A VP Debate That Was Indeed Worth a Bucket of Warm Piss
by Michael Dorf
Conventional wisdom suggests that the VP debate was supposed to serve two purposes: (1) Each VP candidate would attack the top of the other party's ticket; and (2) each VP candidate would make the case to the country that if the president should die or become incapacitated, he would be fit to step in. However, given the fact that Mike Pence is obviously much more qualified than Donald Trump to be president, issue (2) wasn't presented for him. Nor was it presented for Tim Kaine either, for although he doesn't have quite the depth of foreign policy experience as Hillary Clinton, he has enough, and he also has executive branch experience. Thus, the only realistic conventional purpose the debate could have served was for the VP candidates to argue about the qualifications and programs of the presidential candidates. And because we have been flooded with discussion (if not necessarily informative discussion) of that question already, it's not clear that the VP debate served either of its conventional functions.

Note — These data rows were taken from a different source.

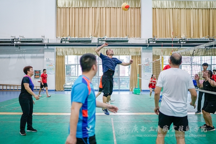 ? ? ? ? 為豐富我學院教職工課余文化生活,鍛煉身體,提高身體素質,增加團隊凝聚力,促進全體教職員工身心健康。學院“壯族三月三”民族文化體育節之學院教職工氣排球比賽昨日在文體館全面“開打”。學院所有分工會和工會小組積極組隊全部出征,本次比賽共分男隊7隊、女隊11隊,采用抽簽分組淘汰制,每局比賽采用三局兩勝制。
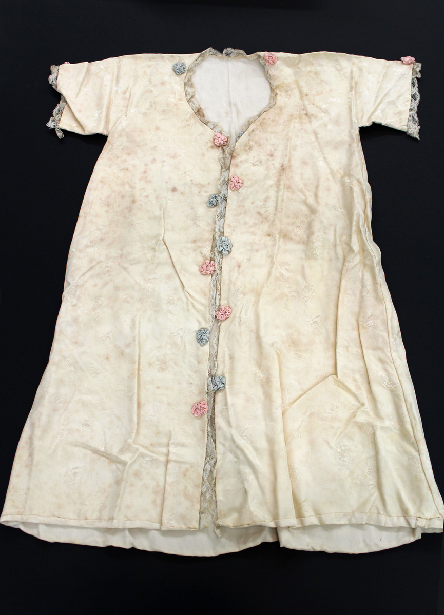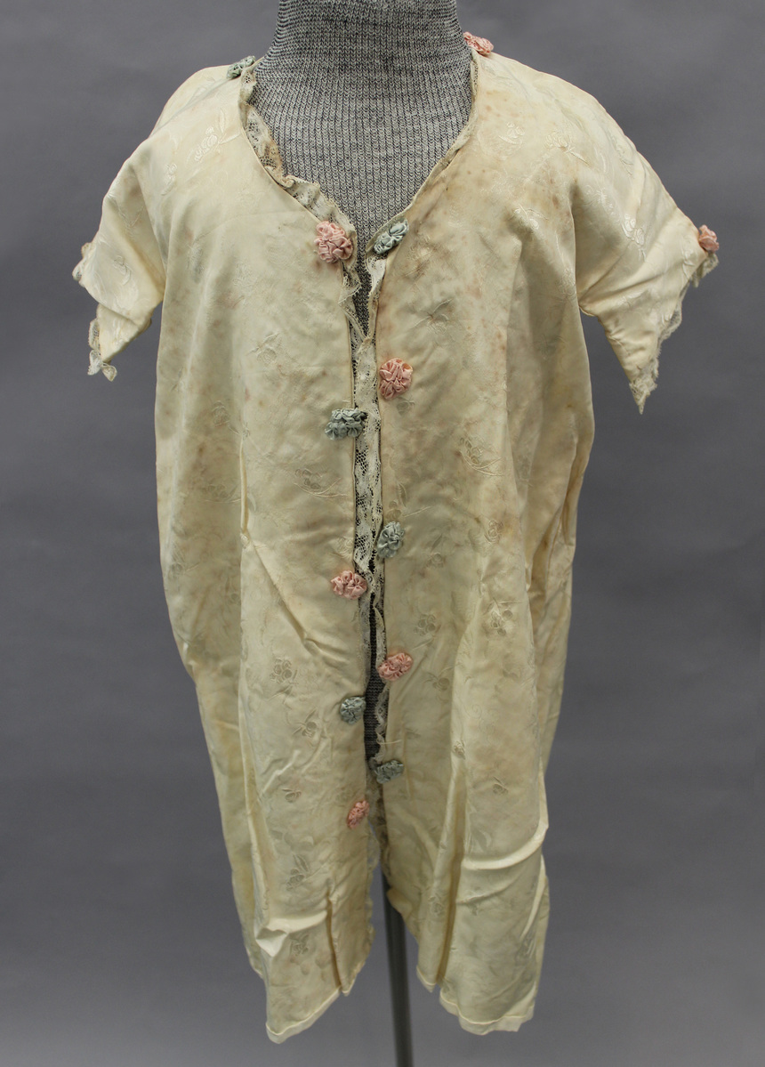 White silk damask child's robe; lined with white silk; short sleeves; round neck; open down front; lace trim along both sides of opening, around neck and sleeves; blue and pink silk rosettes down front along both sides of opening one on each end of sleeve
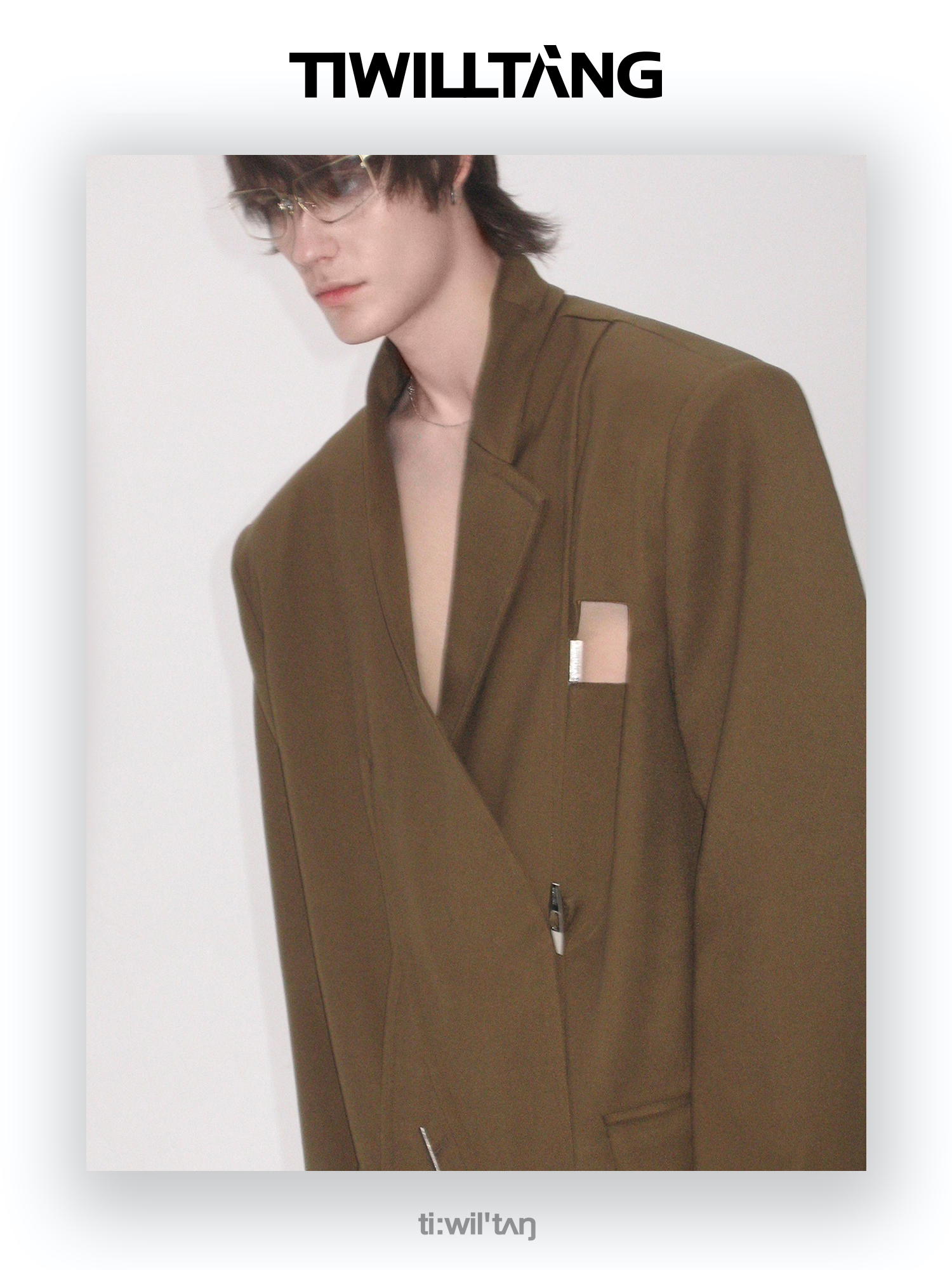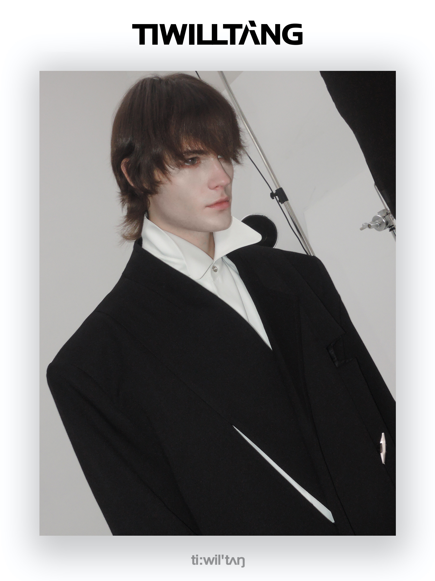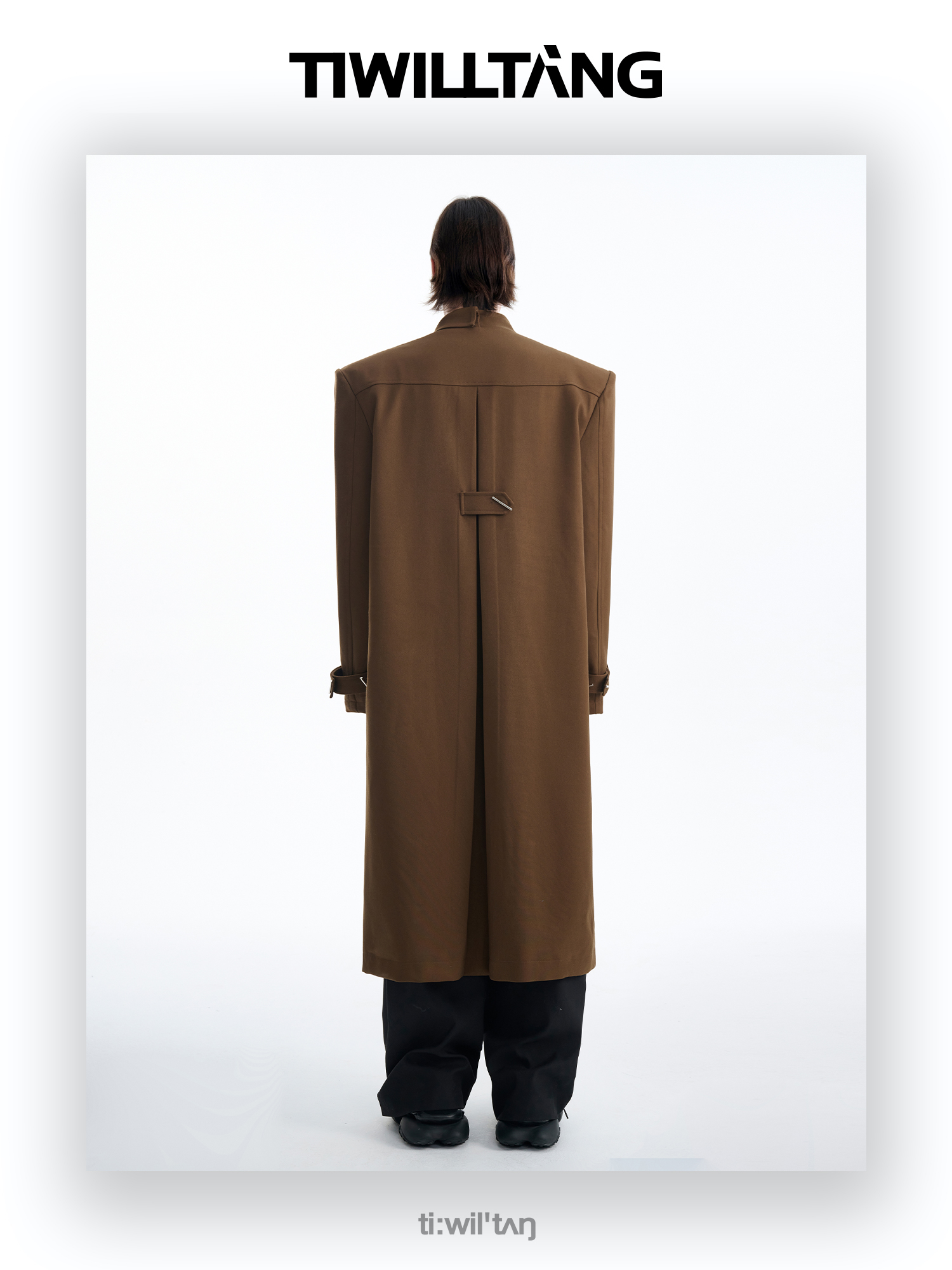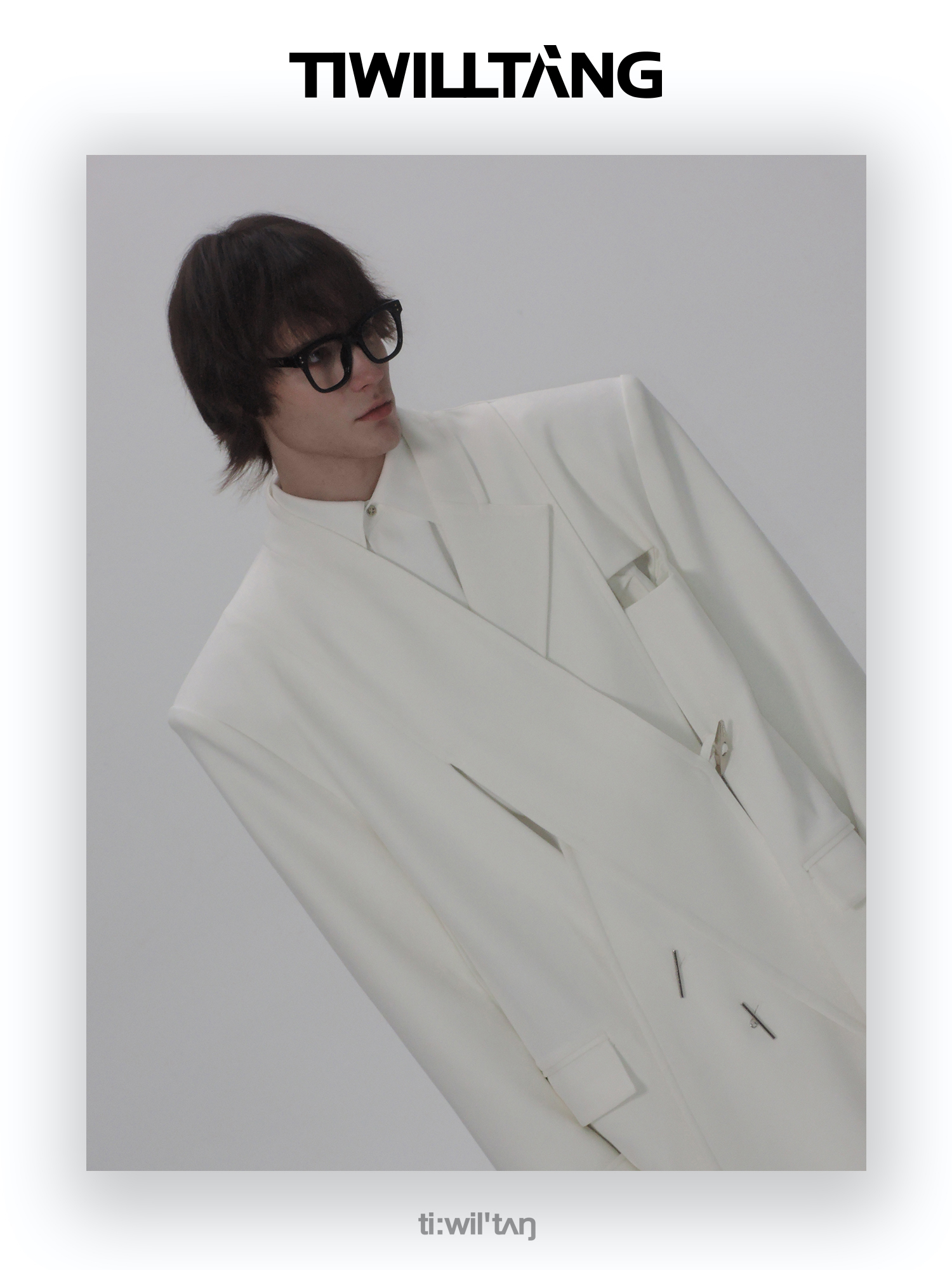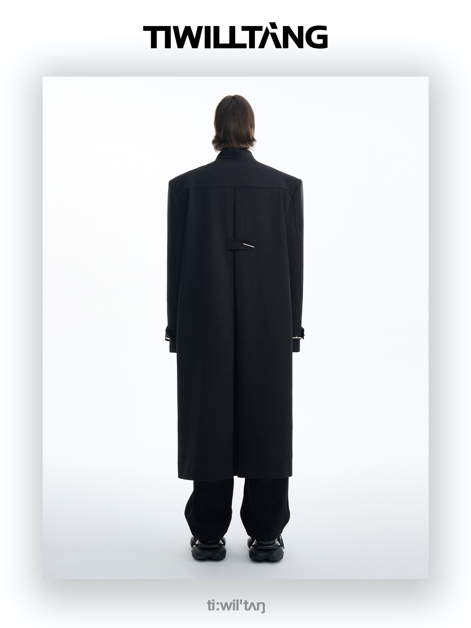 [主理人同款]TIWILLTANG启世录“嚣溯凝寂”交错镂空大衣男解构缎面中长款外套

That said, I will come back to point (1) shortly. But first, I want to evaluate the debate based on a different question: What kind of VP would the candidates be? We can begin with a general job description.
John Nance Garner, who served as Vice President during FDR's first two terms, famously described the Vice Presidency as a job "not worth a bucket of warm piss." That was then. In more recent years, vice presidents have had more to do than attend funerals. Al Gore, Dick Cheney, and Joe Biden have each had substantial portfolios of their own and have served in various ways as a kind of junior partner to the president. Indeed, at times GW Bush was thought to be doing Cheney's bidding rather than the other way around.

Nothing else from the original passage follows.